Your task – Without including any picture, repeat the records below exactly.

Records excerpted from a collection:
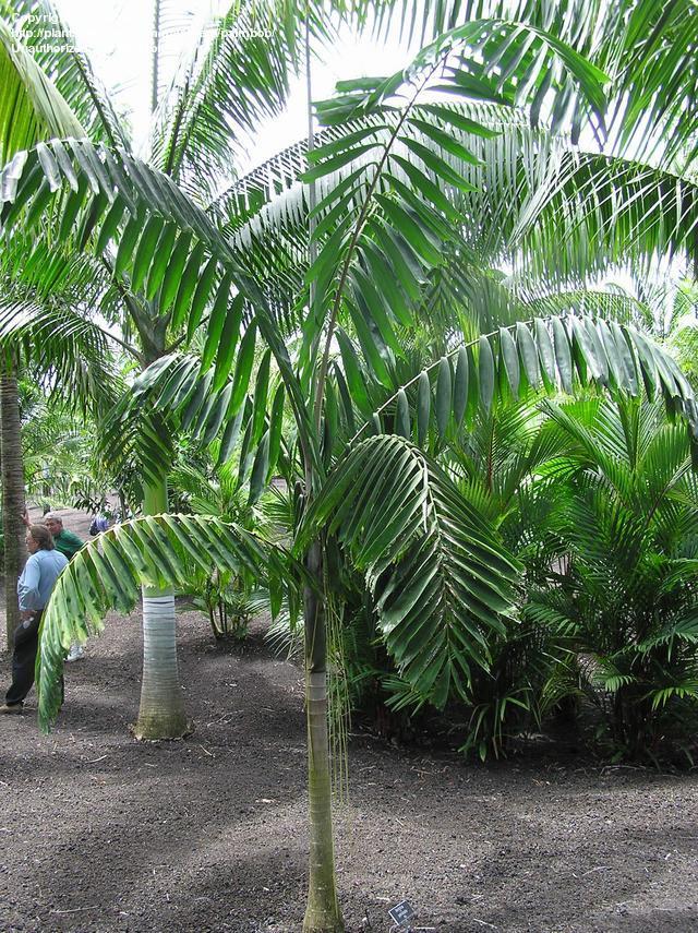 One thing I have noticed, though I am by far an expert on this genus (since I have never been able to grow it)... V joannis has thicker, droopier leaflets that touch each other, and has a pale green crownshaft... most of the other Veitchias have less pendant leaflets, or they have a bit of space between them, or they have a paler crownshaft. These are V joannis photos
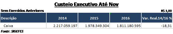 E para a manutenção desse equilíbrio, desde o início da atual gestão, o Governo vem aplicando medidas que já resultaram em expressiva economia de gastos. No comparativo entre novembro de 2014 com o mesmo mês de 2016, as despesas de custeio do Executivo caíram, em termos reais, (-) 18,31%, representando uma economia de R$ 450 milhões, em dois anos. Somente em 2016, a economia foi de R$ 180 milhões.
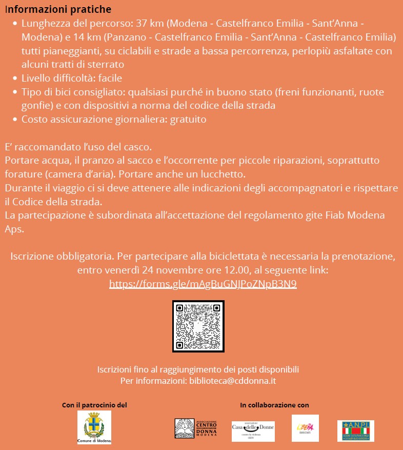 • Informazioni pratiche: E’ raccomandato l’uso del casco. Portare acqua, il pranzo al sacco e l’occorrente per piccole riparazioni, soprattutto forature (camera d’aria). Portare anche un lucchetto. Durante il viaggio ci si deve attenere alle indicazioni degli accompagnatori e rispettare il Codice della strada. La partecipazione è subordinata all’accettazione del regolamento gite Fiab Modena Aps.
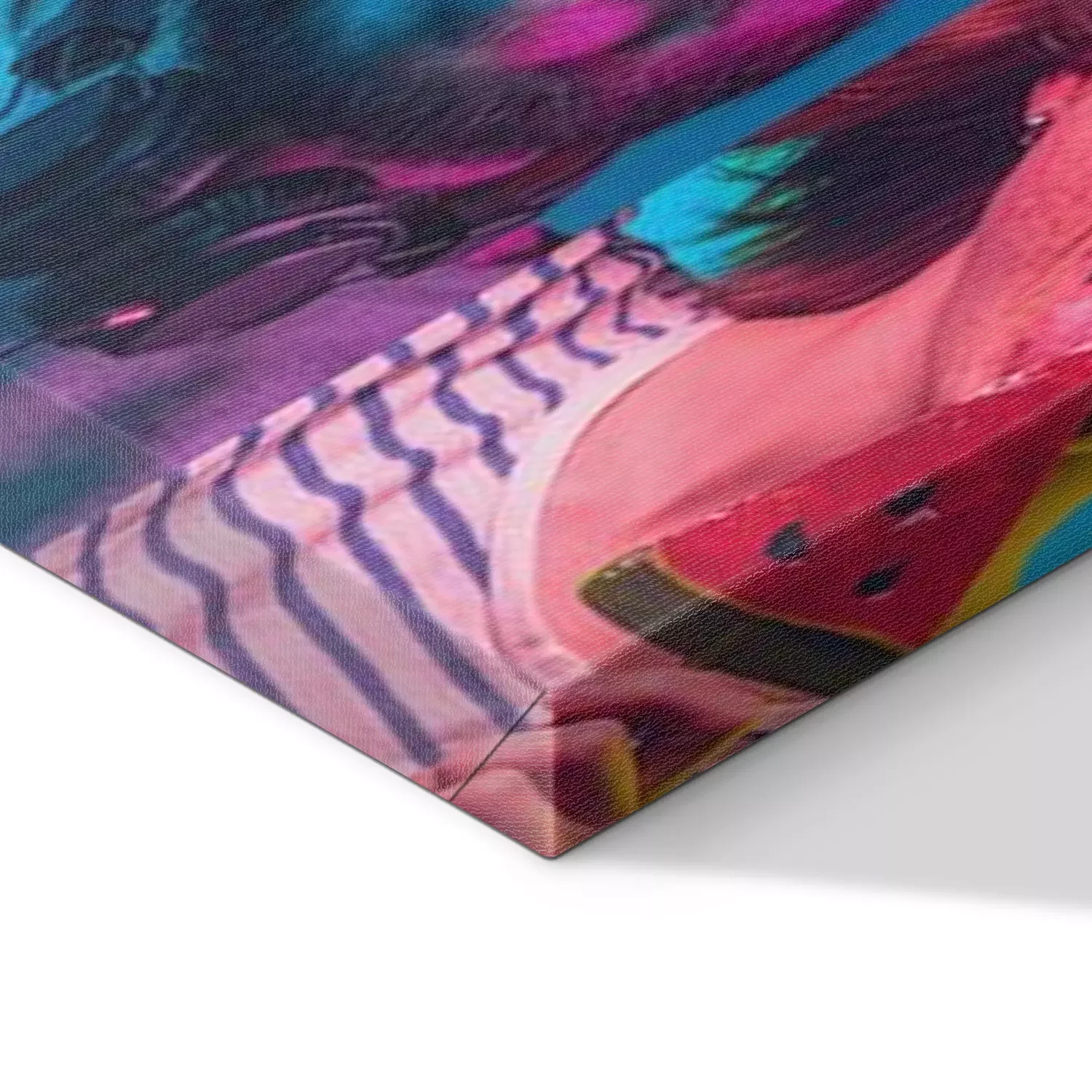 De print wordt aangebracht op hoogwaardig canvas dat op een schildersweefgetouw (spieraam) wordt gespannen. Omdat de print de zijranden bedekt, hoeft het ontwerp niet met een extra kader te worden omlijst. Wij raden ook composities aan die uit meerdere foto's bestaan en zo een coherente compositie vormen.
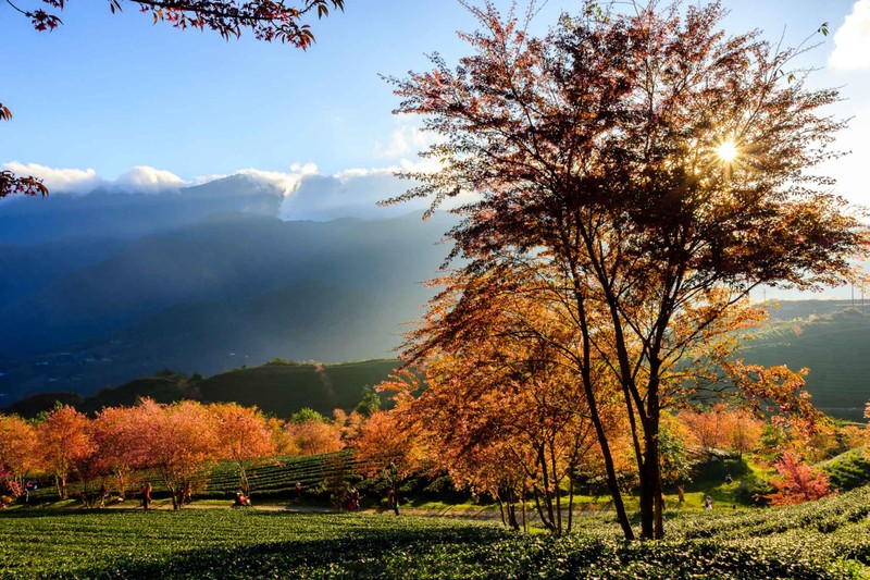 Thời điểm chụp ả Thời điểm chụp ảnh đẹp nhất đồi chè là khi sáng sớm, lúc mây còn bảng lảng chưa tan nhưng ánh nắng đã le lói đổ bóng qua những hàng cây. Hoa đào và hoa nắng lấp lánh xen kẽ, tạo nên khung cảnh đẹp mê hồn mà ai cũng sẽ một lần ao ước muốn được đặt chân tới.
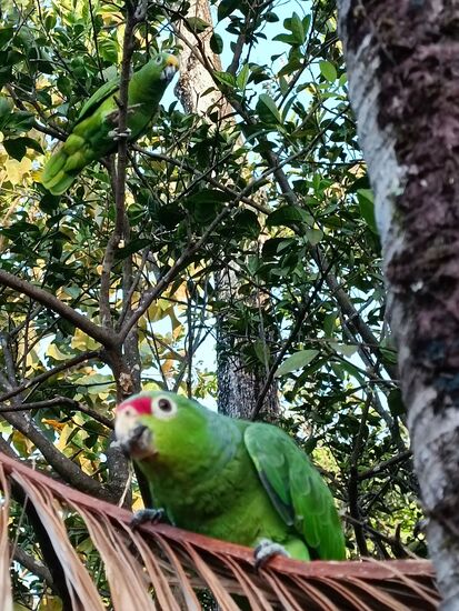 Frühstück mit einem hauseigenen Papageienpärchen. Recht gesprächig.
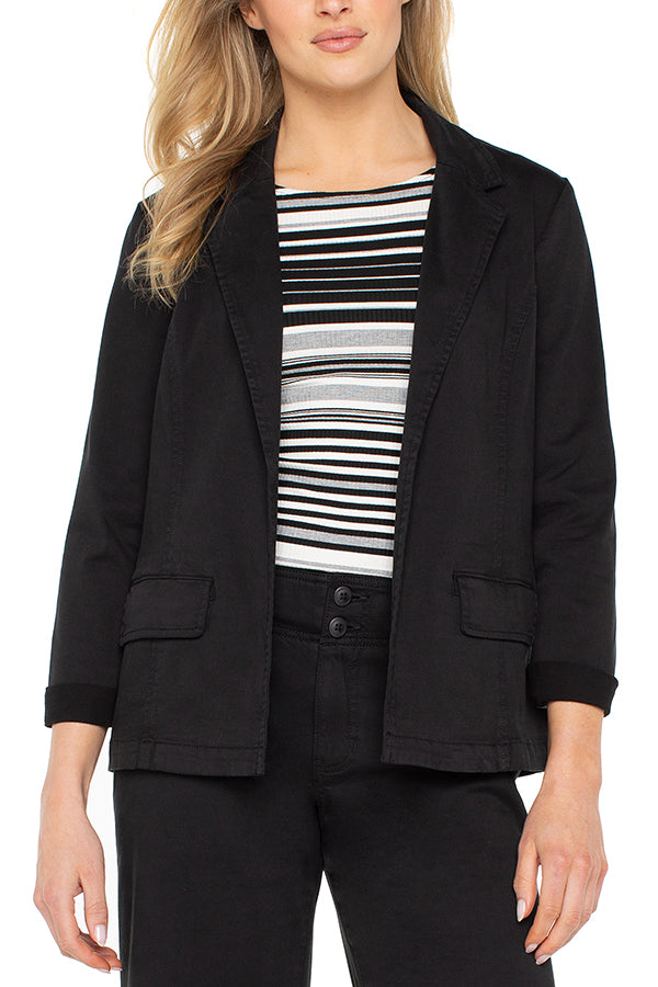 Instantly feel cool and sophisticated in our soft touch twill fitted blazer! Wear to work on business meetings or keep it casual with denim and your favorite tee! LM1067L12

Answer below –
 One thing I have noticed, though I am by far an expert on this genus (since I have never been able to grow it)... V joannis has thicker, droopier leaflets that touch each other, and has a pale green crownshaft... most of the other Veitchias have less pendant leaflets, or they have a bit of space between them, or they have a paler crownshaft. These are V joannis photos
 E para a manutenção desse equilíbrio, desde o início da atual gestão, o Governo vem aplicando medidas que já resultaram em expressiva economia de gastos. No comparativo entre novembro de 2014 com o mesmo mês de 2016, as despesas de custeio do Executivo caíram, em termos reais, (-) 18,31%, representando uma economia de R$ 450 milhões, em dois anos. Somente em 2016, a economia foi de R$ 180 milhões.
 • Informazioni pratiche: E’ raccomandato l’uso del casco. Portare acqua, il pranzo al sacco e l’occorrente per piccole riparazioni, soprattutto forature (camera d’aria). Portare anche un lucchetto. Durante il viaggio ci si deve attenere alle indicazioni degli accompagnatori e rispettare il Codice della strada. La partecipazione è subordinata all’accettazione del regolamento gite Fiab Modena Aps.
 De print wordt aangebracht op hoogwaardig canvas dat op een schildersweefgetouw (spieraam) wordt gespannen. Omdat de print de zijranden bedekt, hoeft het ontwerp niet met een extra kader te worden omlijst. Wij raden ook composities aan die uit meerdere foto's bestaan en zo een coherente compositie vormen.
 Thời điểm chụp ả Thời điểm chụp ảnh đẹp nhất đồi chè là khi sáng sớm, lúc mây còn bảng lảng chưa tan nhưng ánh nắng đã le lói đổ bóng qua những hàng cây. Hoa đào và hoa nắng lấp lánh xen kẽ, tạo nên khung cảnh đẹp mê hồn mà ai cũng sẽ một lần ao ước muốn được đặt chân tới.
 Frühstück mit einem hauseigenen Papageienpärchen. Recht gesprächig.
 Instantly feel cool and sophisticated in our soft touch twill fitted blazer! Wear to work on business meetings or keep it casual with denim and your favorite tee! LM1067L12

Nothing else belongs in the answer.